A real example that happened during the modeling development is the Word2Vec method of Bidirectional GRU. In this process we need to convert PRE-box to a set of meaningful vectors. Due to little understanding of the mechanism of how the PRE-box affect promoter intensity, we can't do this manually. So, we decide to use Word2Vec, to use a Neural Network to generate vectors for us. The critical fact that needs to understand is: we don't know what each digit in these network-generated vectors stand for. That's the two sides: if we make vectors by hand, we can't ensure the accuracy. If we generate vectors with Neural Network, we don't know what each digit stands for. But that's the beauty of neural network: it can provide insights and guide experiments. Let's say after Word2Vec we see that the third in vectors has only two values, 0 and 1. So we can assume that the third digits stand for a binary condition, for example, has a certain PRE-box at a certain place, or not. And we can do experiments to prove it. What's often the case is that it's not the experiment itself is difficult, it's deciding what experiment to do that's difficult. And that is where we believe the significance of modeling in situations like this: to find patterns that are hard for humans to do it directly and then provide insights of the matter and guide the next step exploration.

Reference

1. Kotopka, B. J.; Smolke, C. D., Model-driven generation of artificial yeast promoters. Nat Commun 2020, 11 (1), 2113.

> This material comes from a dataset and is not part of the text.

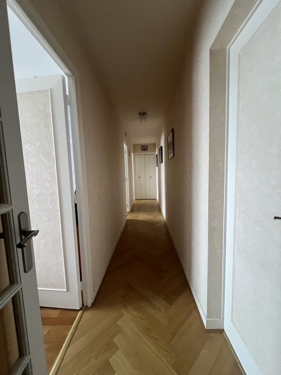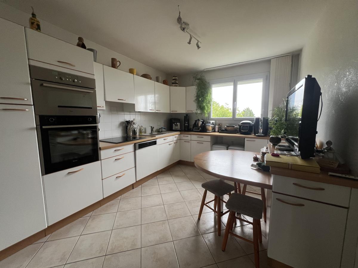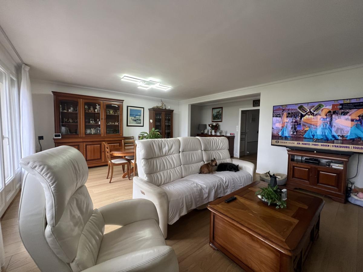 CAEN rive gauche - Résidence Jean Racine - dans résidence de bonne tenue avec ascenseur, beau 5 pièces de 119 m2, comprenant séjour salon 37 m2, cuisine aménagée, 3 chambres, 2 salles d’eau, wc. Cave et garage. Balcon. Charges collectives gaz. (Bientôt chauffage urbain). Très bon état général. DPE : C

2. Sengupta, P.; Cochran, B. H., The PRE and PQ box are functionally distinct yeast pheromone response elements. Mol Cell Biol 1990, 10 (12), 6809-12.

3. Rozenwald, M. B.; Galitsyna, A. A.; Sapunov, G. V.; Khrameeva, E. E.; Gelfand, M. S., A machine learning framework for the prediction of chromatin folding in Drosophila using epigenetic features. PeerJ Comput Sci 2020, 6, e307.

4. Zhang, Y. Q.; Qiao, S. J.; Ji, S. J.; Li, Y. Z., DeepSite: bidirectional LSTM and CNN models for predicting DNA-protein binding. Int J Mach Learn Cyb 2020, 11 (4), 841-851.

5. Oubounyt, M.; Louadi, Z.; Tayara, H.; Chong, K. T., DeePromoter: Robust Promoter Predictor Using Deep Learning. Front Genet 2019, 10.

6. Deng, Y. P.; Wang, L.; Jia, H.; Tong, X. Q.; Li, F., A Sequence-to-Sequence Deep Learning Architecture Based on Bidirectional GRU for Type Recognition and Time Location of Combined Power Quality Disturbance. Ieee T Ind Inform 2019, 15 (8), 4481-4493.